Cloudinary▌

by yoavniran
Access Cloudinary's Upload and Admin APIs to upload, manage, and search your digital assets with powerful media asset ma
Provides direct access to Cloudinary's Upload and Admin APIs for uploading, retrieving, searching, and managing digital media assets in your Cloudinary cloud.
best for
- / Content creators managing media libraries
- / Developers building media-rich applications
- / Teams automating asset workflows
capabilities
- / Upload media files to Cloudinary
- / Search and retrieve existing assets
- / Manage digital media metadata
- / Access Cloudinary Admin API functions
what it does
Connects AI assistants to Cloudinary's cloud storage for uploading and managing images, videos, and other digital media assets.
about
Cloudinary is a community-built MCP server published by yoavniran that provides AI assistants with tools and capabilities via the Model Context Protocol. Access Cloudinary's Upload and Admin APIs to upload, manage, and search your digital assets with powerful media asset ma It is categorized under cloud infrastructure, productivity.
how to install
You can install Cloudinary in your AI client of choice. Use the install panel on this page to get one-click setup for Cursor, Claude Desktop, VS Code, and other MCP-compatible clients. This server runs locally on your machine via the stdio transport.
license
MIT
Cloudinary is released under the MIT license. This is a permissive open-source license, meaning you can freely use, modify, and distribute the software.
readme
# Cloudinary MCP Server
FAQ
- What is the Cloudinary MCP server?
- Cloudinary is a Model Context Protocol (MCP) server profile on explainx.ai. MCP lets AI hosts (e.g. Claude Desktop, Cursor) call tools and resources through a standard interface; this page summarizes categories, install hints, and community ratings.
- How do MCP servers relate to agent skills?
- Skills are reusable instruction packages (often SKILL.md); MCP servers expose live capabilities. Teams frequently combine both—skills for workflows, MCP for APIs and data. See explainx.ai/skills and explainx.ai/mcp-servers for parallel directories.
- How are reviews shown for Cloudinary?
- This profile displays 10 aggregated ratings (sample rows for discoverability plus signed-in user reviews). Average score is about 4.5 out of 5—verify behavior in your own environment before production use.
Ratings
4.5★★★★★10 reviews- ★★★★★Shikha Mishra· Oct 10, 2024
Cloudinary is among the better-indexed MCP projects we tried; the explainx.ai summary tracks the official description.
- ★★★★★Piyush G· Sep 9, 2024
We evaluated Cloudinary against two servers with overlapping tools; this profile had the clearer scope statement.
- ★★★★★Chaitanya Patil· Aug 8, 2024
Useful MCP listing: Cloudinary is the kind of server we cite when onboarding engineers to host + tool permissions.
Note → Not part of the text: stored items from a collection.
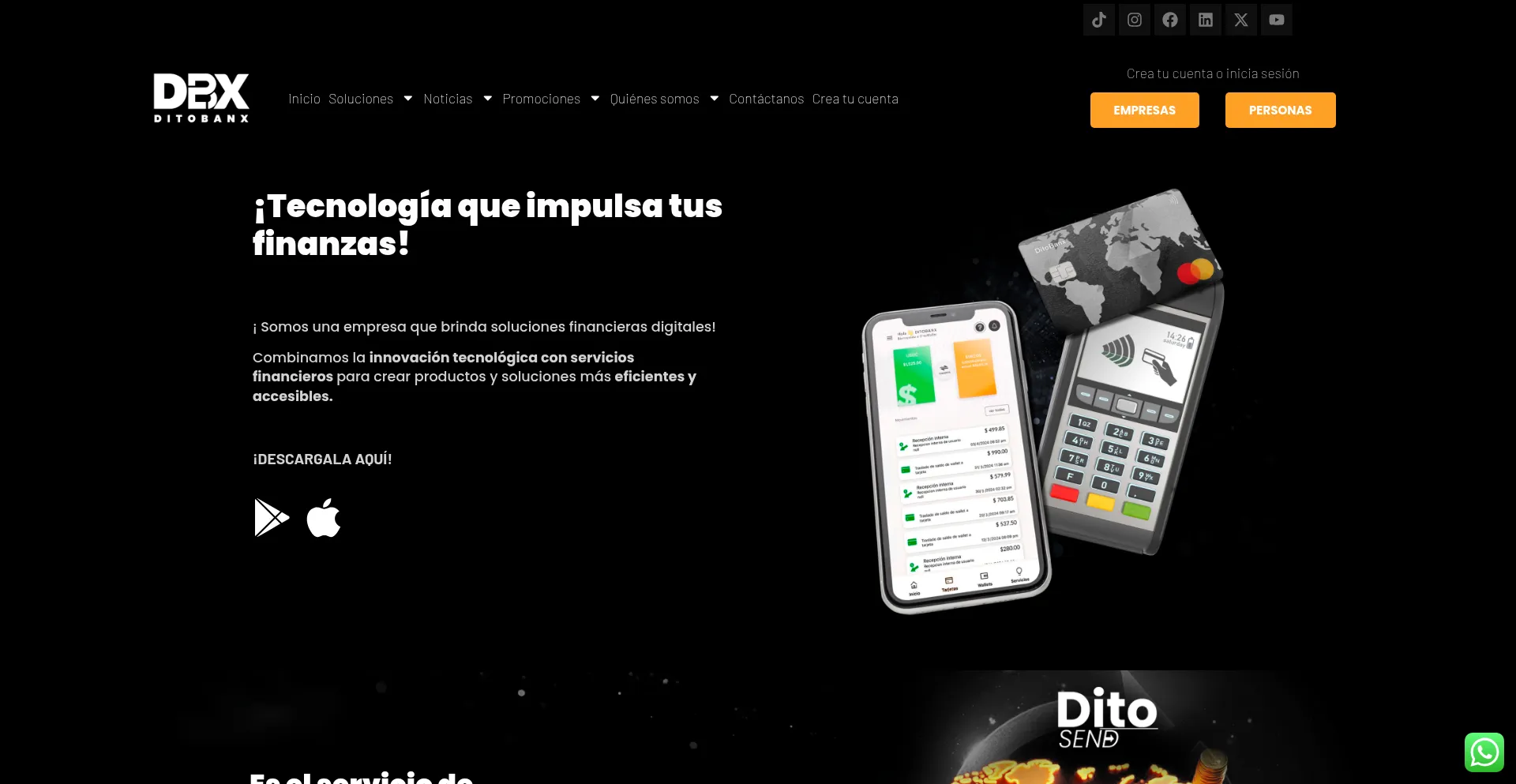 网站上存在社交媒体链接表明 ditobanx.com 在社交媒体上维护官方账户,这是可信度和参与度的积极信号。
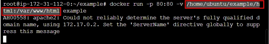 - docker run -p 81:80 -v /home/ubuntu/example/html:/var/www/html example
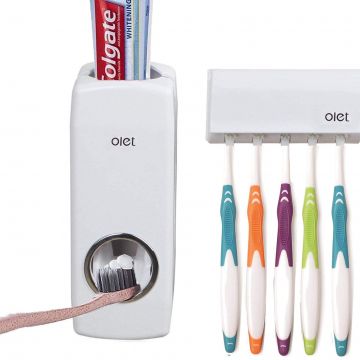 Best Quality Set of Toothpaste Dispenser & Brush Holder - White
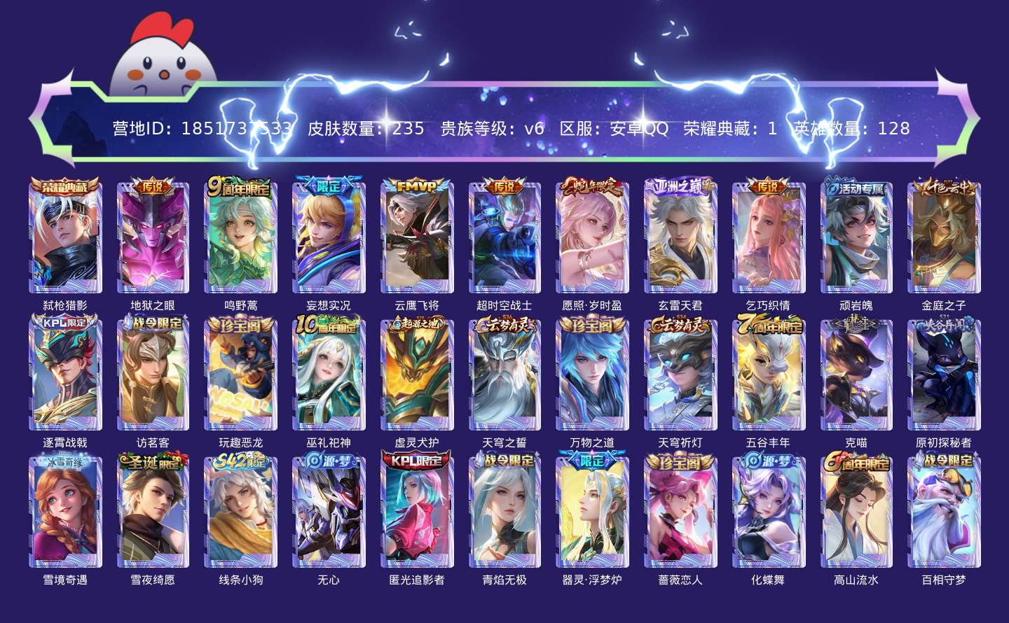 贵族等级:v6皮肤数:235传说品质8 生肖限定2 荣耀典藏1 英雄数:128
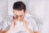 Dziewczyna dmuchanie nosa w tkanek twarzy, siedząc z kotem na kanapie
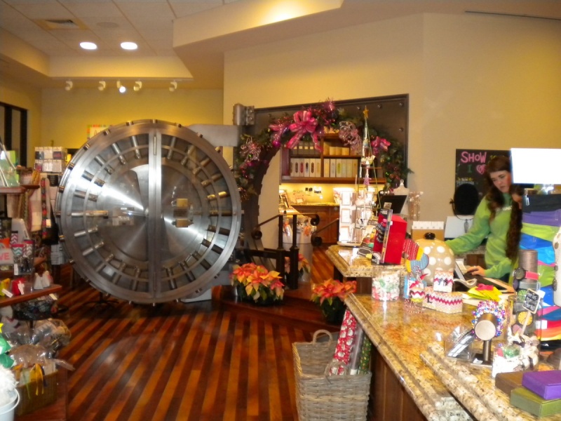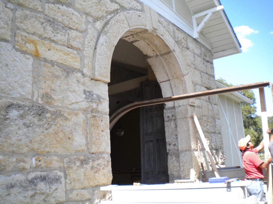We were asked to remove the door frames, doors & trim and re-install them so that they would swing out. Since the stone blocks that make up the exterior wall were 24″ wide we had to custom build a 12″ wide door jamb to cover the raw stone on the inside of the building and faux paint it to match the old doors.
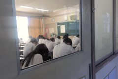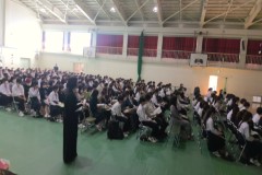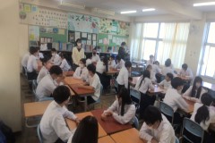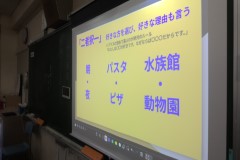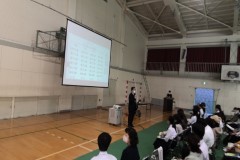 スライドを使って進路担当の先生より説明がありました。「進路」の手引きを参考にお家の人と相談をして進路について考えていきましょう。

- ★★★★★Sakshi Patil· Jul 7, 2024
Cloudinary reduced integration guesswork — categories and install configs on the listing matched the upstream repo.
- ★★★★★Ganesh Mohane· Jun 6, 2024
I recommend Cloudinary for teams standardizing on MCP; the explainx.ai page compares cleanly with sibling servers.
- ★★★★★Oshnikdeep· May 5, 2024
Strong directory entry: Cloudinary surfaces stars and publisher context so we could sanity-check maintenance before adopting.
- ★★★★★Dhruvi Jain· Apr 4, 2024
Cloudinary has been reliable for tool-calling workflows; the MCP profile page is a good permalink for internal docs.
- ★★★★★Rahul Santra· Mar 3, 2024
According to our notes, Cloudinary benefits from clear Model Context Protocol framing — fewer ambiguous “AI plugin” claims.
- ★★★★★Pratham Ware· Feb 2, 2024
We wired Cloudinary into a staging workspace; the listing’s GitHub and npm pointers saved time versus hunting across READMEs.
- ★★★★★Yash Thakker· Jan 1, 2024
Cloudinary is a well-scoped MCP server in the explainx.ai directory — install snippets and categories matched our Claude Code setup.